Spiced Maple Roasted Pecans
makes: 4 cups
- 4 cups raw pecan halves
- 1/3 cup Grade B maple syrup
- 1 tsp salt
- 1 tbsp water
- 1 tsp powdered nutmeg
- 1 tsp powdered cinnamon
- 1 tsp powdered all spice
- 1 tsp powdered cloves
- 1 tsp powdered cayenne pepper
- Preheat the oven to 350 F.
- Put the pecans in a single layer on two baking trays and roast for 10 minutes or until they are slightly darker and fragrant. Remove from the oven.
- In a wok (or a wide pan), mix together the powdered spices, salt, and maple syrup and cook on medium-low until the mixture bubbles and smells fragrant.

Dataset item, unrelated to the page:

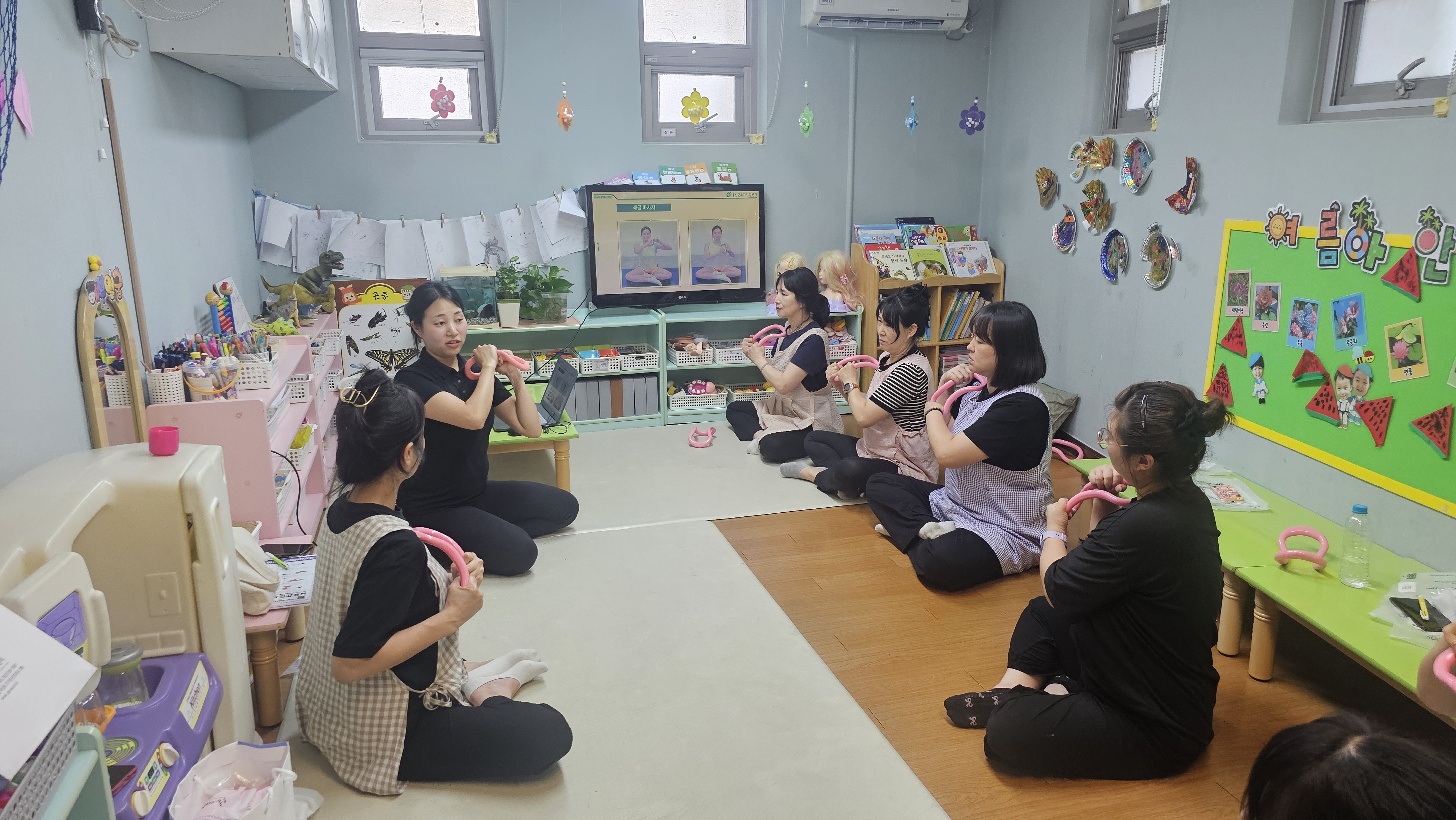 7월 22일(화) 오후 첫번째 사업장으로 울주군 범서읍 구영리 소재 ‘이레어린이집’ 돌봄노동자 10여명을 대상으로 울산근로자건강센터 물리치료사를 강사로 근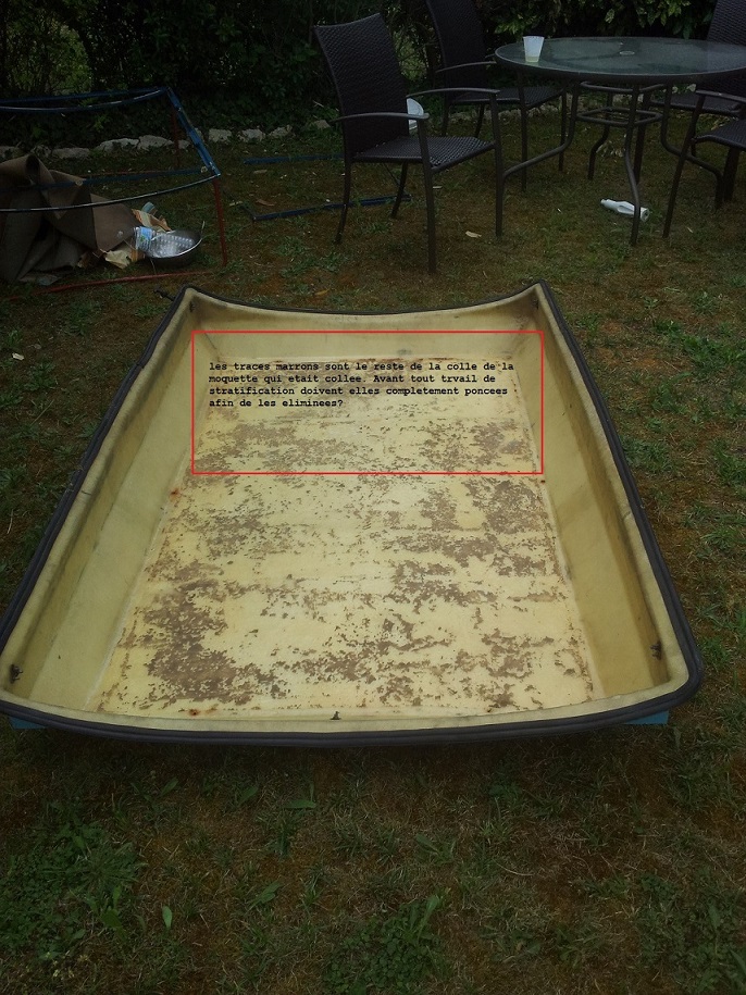 Si vous devez intervenir sur la partie intérieure où il reste de la colle, vous devez impérativement l'enlever par un bon ponçage. De toute façon il va falloir poncer partout où vous devez intervenir, meuleuse d'angle qui tourner à 30 000 trs et disques résorcine, les rouges qui arrachent bien donc prendre un grain pas trop gros et apprendre à être délicat avec cet engin.

- Add the roasted pecans and water and fold everything together until the pecans are completely coated with the maple-spice mixture. Cook for 4-5 minutes.
- Transfer the pecans to two parchment or wax paper lined trays. Spread them out into a single layer and leave them alone for at least 30 minutes (the pecans can be served immediately but they'll be a bit sticky. I usually leave them out on a table to dry out for 24 hours).
- Transfer to a container and refrigerate or leave at room temperature.